• Blockchain
  • Digital Currency
  • Cryptocurrency
  • smart cities

Blockchain Environments Raise Possibility of Crypto Cities

Grant Samms
May 14, 2021

Guidehouse Insights

Mayor Francis Suarez has placed a stake in the ground with a goal to make Miami the cryptocurrency capital of the world. Suarez’s vision would see the city accept tax payments in cryptocurrency, pay workers in digital assets, and transfer municipal services to the Ethereum blockchain. Garnering both praise and criticism, Suarez’s idea makes for an interesting case study in how blockchain could eventually become a commonplace technology for smart cities. With other cities such as Dubai implementing blockchain in their operations, it’s important to understand what a crypto city could functionally look like.

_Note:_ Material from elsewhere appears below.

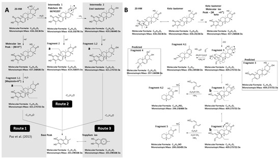 Observed ESI-MS spectrum of the obtained 20-HM and its proposed mass fragmentation. A and B indicate the mass fragmentation presenting in routes A and B from Figure 2 (below).

Blockchain Environments Provide a Foundation

Although most associate cryptocurrency with mediums of exchange like Bitcoin, blockchain technology is capable of far more utility in ways that have advantages over current equivalents. Fundamentally, a blockchain is a way to store, secure, and transmit data in a transparent and inexpensive manner without having to rely on a trusted third party. These properties make blockchain a disruptive force in industries from banking and real estate to logistics and AI.

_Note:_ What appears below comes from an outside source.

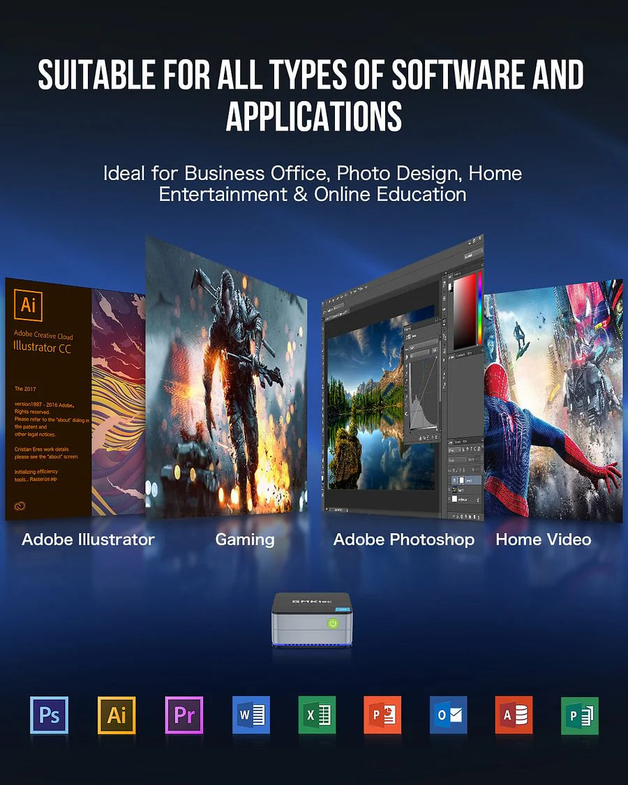 Zasilany nowoczesnymi procesorami dla maksymalnej mocy obliczeniowej. Nasze mini-PC oferują wydajność na poziomie desktopu w kompaktowym rozmiarze, idealnym do pracy i rozrywki.

Many of the cryptocurrencies in existence are less comparable to money and more akin to development platforms. These projects form a base layer network on top of which many different projects (commonly called decentralized applications [DApps]) can be built. The largest and most well-known of these environments, the Ethereum blockchain, supports over 200,000 tokens belonging to different DApps with varying functions. There are a host of other blockchain environments that all have their own functions, projects, and development environments. The most common environments include the Cardano network, EOS, the Binance Smart Chain, Solana, Algorand, and Tezos. 

Building Up to DApps

Once the foundation is set, an ecosystem of functions can grow on top of it. DApps typically aim to create utility in ways that are often faster and less expensive than their traditional counterparts. There are DApps for many kinds of functions including logistics, data storage, contracts, financial lending, AI, retail, and sports.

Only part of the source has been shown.